▶ [Directions]: Below are records with pictures. Reproduce exactly the lines from the line with "048期: 👛『南方彩虹』 👛六码中特👛【18.22.24.32.34.46】开:24" to the line with "- Ultralight, made", inclusive, and leave each picture out.

|---|

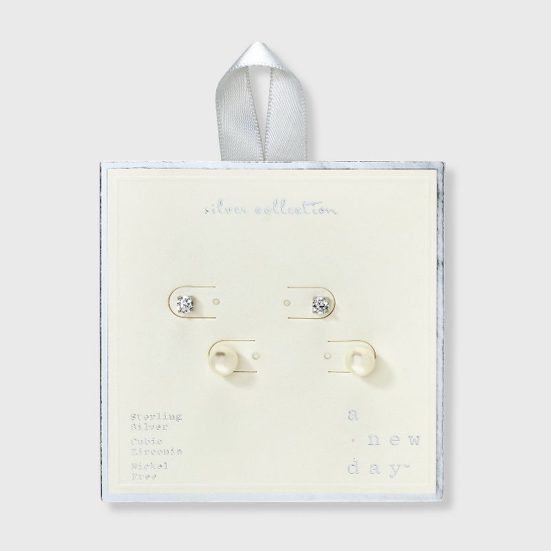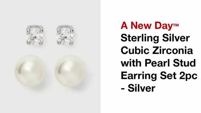 Sterling Silver Cubic Zirconia with Pearl Stud Earring Set 2pc - A New Day™ Silver
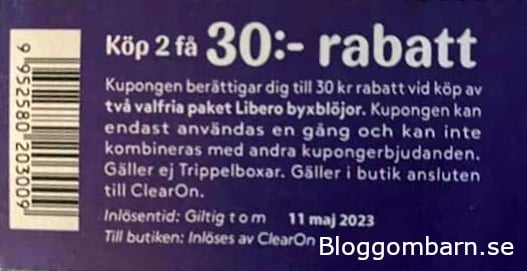 Kupongen berättigar dig till 30 kr rabatt vid köp av två valfria paket Libero byxblöjor. Giltig till och med 2023-05-11.
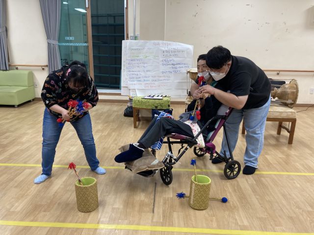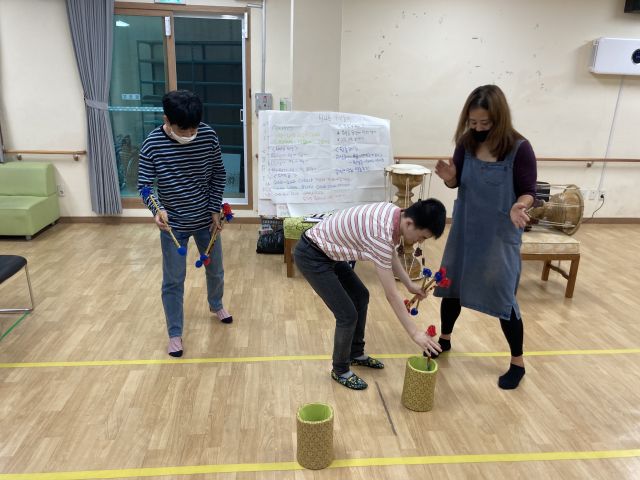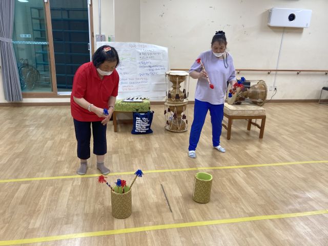 금일은 사랑가, 강강술래 등 다양한 음악에 맞춰 소고연주를 해보고 두 명씩 그룹을 만들어 투호놀이를 하여 즐거운 전통놀이활동 시간이 되었습니다.
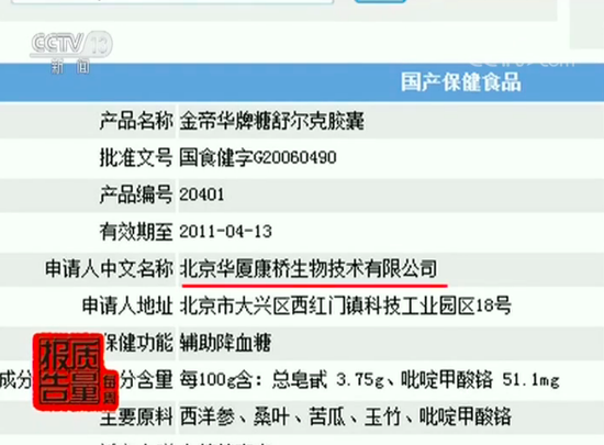 记者注意到,李先生从网上购买的所谓"仁合胰宝",批准文号为国食健字G20060490。然而记者登录原国家食品药品监督管理总局官方网站查询却发现,这一批准文号对应的产品名称为金帝华牌糖舒尔克胶囊,由北京华夏康桥生物技术有限公司于2006年4月14日申请所得。
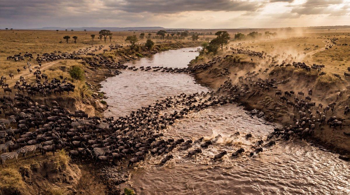 Thousands of wildebeest and zebras surge across a river during the Great Migration in the Serengeti — one of nature’s most dramatic spectacles and a highlight of any Tanzania safari.
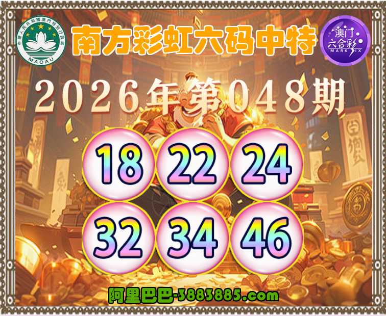 048期: 👛『南方彩虹』 👛六码中特👛【18.22.24.32.34.46】开:24
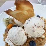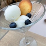 From the five desserts (8.90€-10,50€), I chose Juan’s excellent home-made almond ice cream, with candied almonds. The portion was generous and well worth the 9,50€ this delicious dessert costs. My companion had sorbet (8,90€) served with a tuile biscuit and a blueberry garnish.
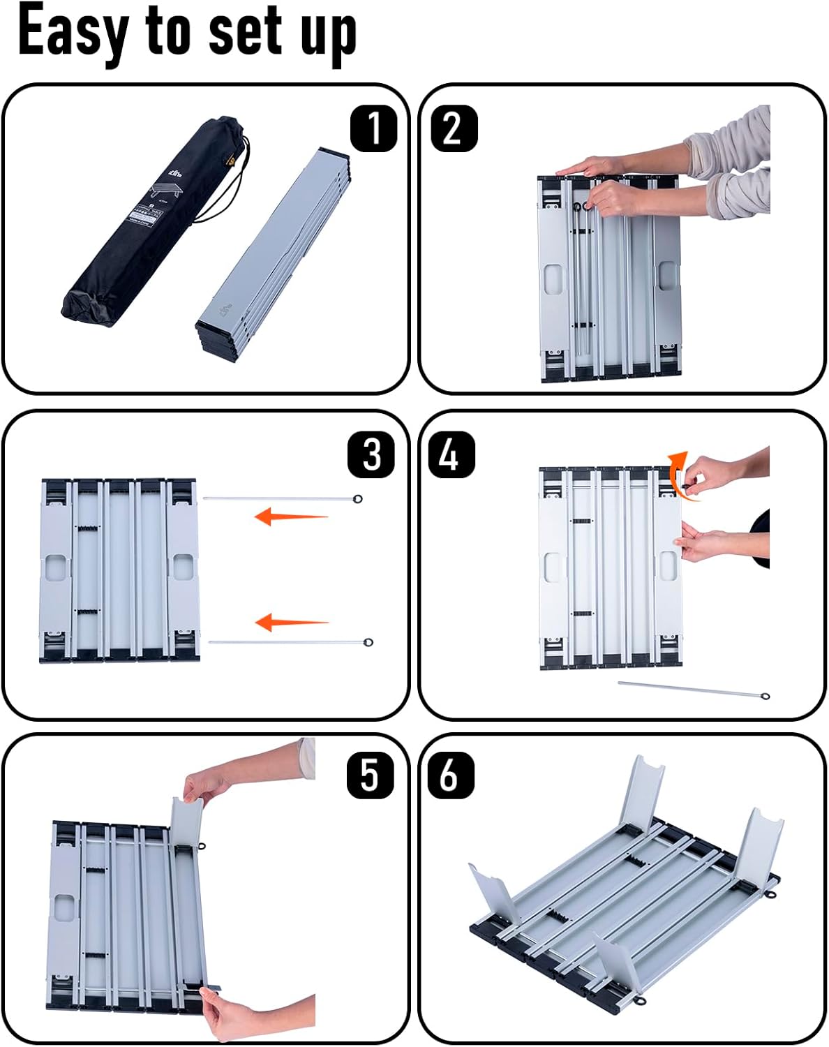 - Ultralight, made of high quality aluminum alloy 6063, only 2.4 lbs; Max Load 66 lbs; Unlike wooden or nylon-top tables, this table is durable, waterproof, corrosion-resistant, easy to clean; Heat resistant, can put your stove on
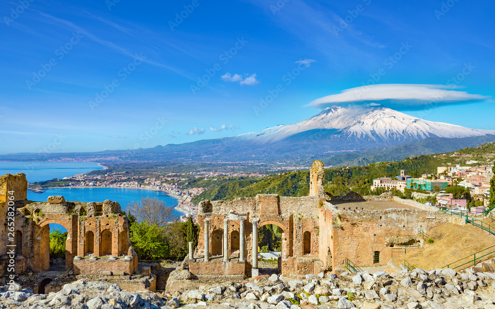 Fototapeta Ancient Greek theatre in Taormina on background of Etna Volcano, Italy
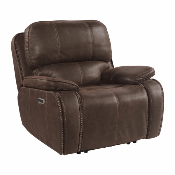 The Atlantis Power Motion Recliner with Power Headrest in Heritage Coffee offers the ultimate in comfort and style. Upholstered in rich, durable faux leather, it features plush cushioning with detailed contrast stitching for a sophisticated look. The recliner’s power controls allow effortless adjustment of both the footrest and headrest, providing personalized relaxation. Nailhead trim accents along the arms add a classic touch, while the deep coffee color enhances its warm, inviting appeal.

|---|

▶ [Final answer]:
 048期: 👛『南方彩虹』 👛六码中特👛【18.22.24.32.34.46】开:24
 From the five desserts (8.90€-10,50€), I chose Juan’s excellent home-made almond ice cream, with candied almonds. The portion was generous and well worth the 9,50€ this delicious dessert costs. My companion had sorbet (8,90€) served with a tuile biscuit and a blueberry garnish.
 - Ultralight, made of high quality aluminum alloy 6063, only 2.4 lbs; Max Load 66 lbs; Unlike wooden or nylon-top tables, this table is durable, waterproof, corrosion-resistant, easy to clean; Heat resistant, can put your stove on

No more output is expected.